Agreed, spiritual abuse and "Hell talk" is a bad thing, especially when enforced by a specific culture, and it's even worse when people fail to collect the proper implications of such ideas. However, where I come from, this isn't much of "spiritual abuse", rather "spiritual enlightenment". The reason why I say this is because there's no one to force you what path you ought to follow (unless you're family's psychotic), and it is the individual's own responsibility to establish right from wrong.
The Hindu / Urdu terms for Hell is "Narak" and I still haven't figured if the term was native to Dharmic or it was borrowed from Islamic. However, the term signifies the same as the Christian term of Hell, though it implies more than after-life penalty.

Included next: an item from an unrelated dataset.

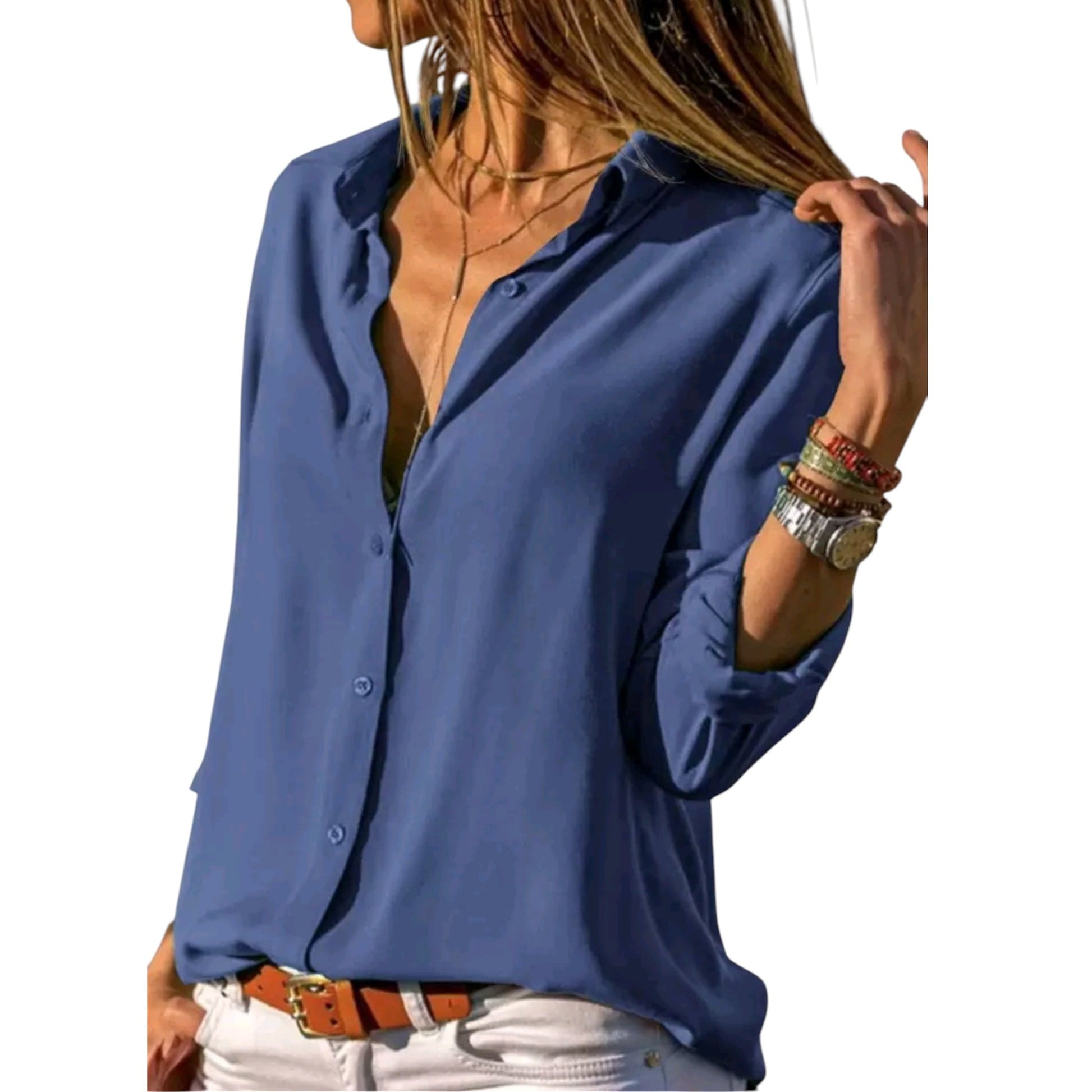 Címke nélküli, kék, galléros, hosszú ujjú, gombos, lekerekített aljú.

Anybody familiar with the saying "What goes around comes around"? One of it's standard implications is that the world runs the way you do, aka if you're nice to your boss then your subordinates will likely be more nice to you, and if you help someone then perhaps some day you'll also receive that help. The idea is detailed, though I think I realize the depth of it's significance in an empathetic society, and it is also deeply structured in the concept of "Narak". One of the key symbols of this idea is "Paap ka Ghada" (i.e., the Cauldron of Sins), where a certain amount of sin is forgiven if it can be atoned (such as pilfering a dollar, badmouthing, etc.) but when the cauldron is full with the gravest of sins (such as unjust murder, etc.) then you begin to see to see signs haunting you, and lest you atone for your sins and lessen the burden in that cauldron, you'll suffer eternal damnation.

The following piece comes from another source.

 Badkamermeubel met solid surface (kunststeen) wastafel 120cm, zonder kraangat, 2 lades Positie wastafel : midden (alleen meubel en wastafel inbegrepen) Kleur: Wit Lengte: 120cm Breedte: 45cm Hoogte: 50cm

Personally, I think, such an idea is beautiful to look at because it gives you a chance to atone for your follies and be a better person, all without the intervention of Religion (despite it being the source of the influence). The "scare factor" isn't just the after-life, but it does imply that one would be penalized even when alive (there's a quote saying that the sinner dies a several deaths before ceasing to exist). But the "Narak" concept has no such thing that you have to be religious if you want to reach heaven; even the non-believers go to heaven if they are good, but those who wrong others are merely filling their cauldron of sins and begging damnation. And it's true too: insecurity rises mostly to those who do wrong (drug cartels, traffickers, assassins, terrorists, etc.), because whether they acknowledge it or not their deeds haunt them every step of their way.

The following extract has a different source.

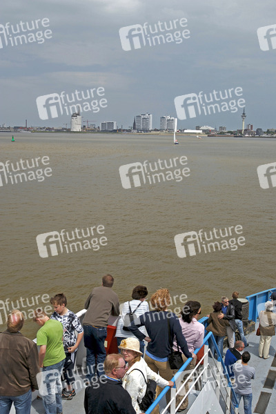 Passagiere auf einer Fähre nach Bremerhaven mit Skyline

In India, even the Jews and Christians have broadened their views on "Hell" and therefore we don't have much spiritual abuse here. I'm a non-believer, but many priests called me a "blessed child". If only the other places opened their minds a little. =/
EDIT: I'm also a big fan of Krishna rather than Jesus. While "Accepting Krishna" is a part of the plan, the guy focuses more on teaching how to be a better individual, and constantly implies that a blind follower is blind nonetheless. Meaning? He's in his SoY!